T cells become even more important if antibodies are not working well. Cellular infections might start to roll out at a rapid clip, but T cells can swoop in to help corral the pathogen in place, typically within a couple of days. This rapid walling-off can halt the progression of disease, and maybe even curb transmission; it also buys the rest of the immune system time to gather its wits. B cells, reawakened from their slumber, will start to churn out more antibodies to replace the ones that have faded; another group of T cells, nicknamed the helpers, will arrive to help coordinate the rest of the immune response. Getting a booster, too, could jump-start this process ahead of infection, coaxing out extra antibodies and possibly tickling more T cells into joining the fray.

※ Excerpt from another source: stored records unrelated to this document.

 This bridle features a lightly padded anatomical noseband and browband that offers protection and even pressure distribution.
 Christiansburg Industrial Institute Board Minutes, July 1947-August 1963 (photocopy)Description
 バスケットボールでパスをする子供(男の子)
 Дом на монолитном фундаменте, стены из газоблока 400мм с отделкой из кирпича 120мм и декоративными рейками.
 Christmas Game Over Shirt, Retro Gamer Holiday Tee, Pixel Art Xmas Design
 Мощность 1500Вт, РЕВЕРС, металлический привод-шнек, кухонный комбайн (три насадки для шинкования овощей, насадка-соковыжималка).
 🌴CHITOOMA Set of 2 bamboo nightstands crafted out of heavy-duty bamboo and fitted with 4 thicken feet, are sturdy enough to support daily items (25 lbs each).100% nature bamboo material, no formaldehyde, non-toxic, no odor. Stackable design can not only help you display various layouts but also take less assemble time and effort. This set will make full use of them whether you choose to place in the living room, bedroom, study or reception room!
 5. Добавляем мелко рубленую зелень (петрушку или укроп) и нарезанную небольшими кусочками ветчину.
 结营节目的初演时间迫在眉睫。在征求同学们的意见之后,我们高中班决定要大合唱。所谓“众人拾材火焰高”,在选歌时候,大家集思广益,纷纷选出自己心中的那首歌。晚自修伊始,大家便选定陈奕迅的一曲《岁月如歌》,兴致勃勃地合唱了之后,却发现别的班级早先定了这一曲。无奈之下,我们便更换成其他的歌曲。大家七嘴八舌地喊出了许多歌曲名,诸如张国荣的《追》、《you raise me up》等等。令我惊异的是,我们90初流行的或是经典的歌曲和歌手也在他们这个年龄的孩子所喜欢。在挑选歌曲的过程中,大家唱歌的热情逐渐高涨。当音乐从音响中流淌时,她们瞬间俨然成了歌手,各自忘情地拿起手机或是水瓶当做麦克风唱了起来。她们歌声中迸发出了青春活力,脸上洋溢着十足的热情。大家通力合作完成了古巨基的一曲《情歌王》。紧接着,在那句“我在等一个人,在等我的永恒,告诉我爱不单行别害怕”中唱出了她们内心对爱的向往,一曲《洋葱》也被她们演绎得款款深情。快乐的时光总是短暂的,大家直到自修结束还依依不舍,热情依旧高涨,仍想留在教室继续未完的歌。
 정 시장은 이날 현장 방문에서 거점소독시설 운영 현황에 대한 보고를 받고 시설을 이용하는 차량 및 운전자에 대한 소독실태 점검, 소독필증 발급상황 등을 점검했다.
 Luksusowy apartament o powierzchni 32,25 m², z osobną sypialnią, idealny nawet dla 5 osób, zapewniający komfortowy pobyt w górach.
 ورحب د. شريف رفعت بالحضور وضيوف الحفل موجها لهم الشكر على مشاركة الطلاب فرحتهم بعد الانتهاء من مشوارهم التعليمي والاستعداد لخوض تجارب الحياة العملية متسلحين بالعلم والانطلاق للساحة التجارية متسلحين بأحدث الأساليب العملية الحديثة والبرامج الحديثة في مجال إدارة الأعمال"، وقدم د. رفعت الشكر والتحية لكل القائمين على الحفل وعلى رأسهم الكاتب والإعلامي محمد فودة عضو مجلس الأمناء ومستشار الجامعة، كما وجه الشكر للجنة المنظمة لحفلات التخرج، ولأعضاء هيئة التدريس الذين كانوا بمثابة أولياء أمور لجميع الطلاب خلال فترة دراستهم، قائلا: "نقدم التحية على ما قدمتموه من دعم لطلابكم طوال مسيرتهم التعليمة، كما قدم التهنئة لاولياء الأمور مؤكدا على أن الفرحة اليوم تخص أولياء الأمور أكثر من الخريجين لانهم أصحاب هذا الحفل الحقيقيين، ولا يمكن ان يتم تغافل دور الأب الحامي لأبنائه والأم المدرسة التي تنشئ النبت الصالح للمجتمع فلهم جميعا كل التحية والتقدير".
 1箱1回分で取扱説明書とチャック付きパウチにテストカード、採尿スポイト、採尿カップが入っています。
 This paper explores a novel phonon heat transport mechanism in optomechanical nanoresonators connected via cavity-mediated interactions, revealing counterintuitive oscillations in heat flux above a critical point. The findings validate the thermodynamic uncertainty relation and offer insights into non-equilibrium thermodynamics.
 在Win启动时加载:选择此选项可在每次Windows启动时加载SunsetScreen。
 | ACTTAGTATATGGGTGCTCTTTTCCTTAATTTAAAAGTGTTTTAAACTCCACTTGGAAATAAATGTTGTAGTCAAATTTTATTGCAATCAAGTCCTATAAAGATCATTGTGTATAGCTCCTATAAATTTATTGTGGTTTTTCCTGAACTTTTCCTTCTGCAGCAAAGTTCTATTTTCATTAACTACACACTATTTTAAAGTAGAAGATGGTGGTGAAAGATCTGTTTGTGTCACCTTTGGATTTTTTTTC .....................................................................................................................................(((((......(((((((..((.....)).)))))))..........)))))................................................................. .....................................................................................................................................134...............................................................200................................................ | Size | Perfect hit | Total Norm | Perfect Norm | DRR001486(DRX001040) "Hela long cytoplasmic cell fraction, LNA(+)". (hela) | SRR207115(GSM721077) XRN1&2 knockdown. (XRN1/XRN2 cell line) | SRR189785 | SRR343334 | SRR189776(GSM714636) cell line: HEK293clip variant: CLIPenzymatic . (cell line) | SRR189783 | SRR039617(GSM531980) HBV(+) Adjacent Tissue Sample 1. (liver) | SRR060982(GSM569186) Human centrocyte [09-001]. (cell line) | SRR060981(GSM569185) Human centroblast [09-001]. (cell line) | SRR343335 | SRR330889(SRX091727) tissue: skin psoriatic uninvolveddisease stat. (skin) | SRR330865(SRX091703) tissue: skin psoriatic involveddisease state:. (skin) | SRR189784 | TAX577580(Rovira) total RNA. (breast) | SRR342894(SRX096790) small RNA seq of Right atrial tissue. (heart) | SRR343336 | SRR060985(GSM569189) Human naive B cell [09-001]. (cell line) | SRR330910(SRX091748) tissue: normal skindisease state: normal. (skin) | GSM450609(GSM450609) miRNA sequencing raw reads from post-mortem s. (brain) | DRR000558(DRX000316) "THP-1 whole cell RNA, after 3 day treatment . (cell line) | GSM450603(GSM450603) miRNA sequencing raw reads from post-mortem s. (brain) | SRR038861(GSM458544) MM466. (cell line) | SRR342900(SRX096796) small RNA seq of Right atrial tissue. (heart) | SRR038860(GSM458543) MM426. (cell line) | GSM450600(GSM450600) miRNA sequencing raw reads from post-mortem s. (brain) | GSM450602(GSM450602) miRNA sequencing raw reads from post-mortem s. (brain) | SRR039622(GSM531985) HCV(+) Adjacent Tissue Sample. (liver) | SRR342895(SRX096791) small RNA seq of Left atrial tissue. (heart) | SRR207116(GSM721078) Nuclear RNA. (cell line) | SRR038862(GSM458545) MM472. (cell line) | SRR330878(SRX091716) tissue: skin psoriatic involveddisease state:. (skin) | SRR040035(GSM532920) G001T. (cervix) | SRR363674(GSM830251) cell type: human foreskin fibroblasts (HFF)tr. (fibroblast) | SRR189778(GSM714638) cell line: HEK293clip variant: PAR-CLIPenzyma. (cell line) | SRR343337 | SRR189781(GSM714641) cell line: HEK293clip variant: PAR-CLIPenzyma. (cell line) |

All of this is likely to mean that more vaccinated people could get infected by Omicron—a new and unfortunate hurdle, as the world continues its struggle to contain the super-transmissible Delta. But the immunized will probably still be at much lower risk of getting seriously sick than their unvaccinated peers, a pattern that early studies out of South Africa seem to fit. That’s in keeping with the stepwise fashion in which immune protection tends to ebb: The safeguards against infection—mostly neutralizing antibodies—fall first. But protection against severe disease and death is the last to go; to engineer those very serious outcomes, viruses have to linger in the body, repeatedly thwarting the many defenders that the immune system tosses their way.

But our shot-trained T cells can’t be expected to stand their ground forever. Too many people around the world remain unvaccinated, offering the virus many more chances to splinter into new, troublesome lineages. The quicker the virus moves to colonize us, the more likely it is to outpace our defenses. SARS-CoV-2 could eventually learn to hopscotch over more killer Ts, too—a risk we run when we force our bodies to repeatedly tussle with this fast-changing foe.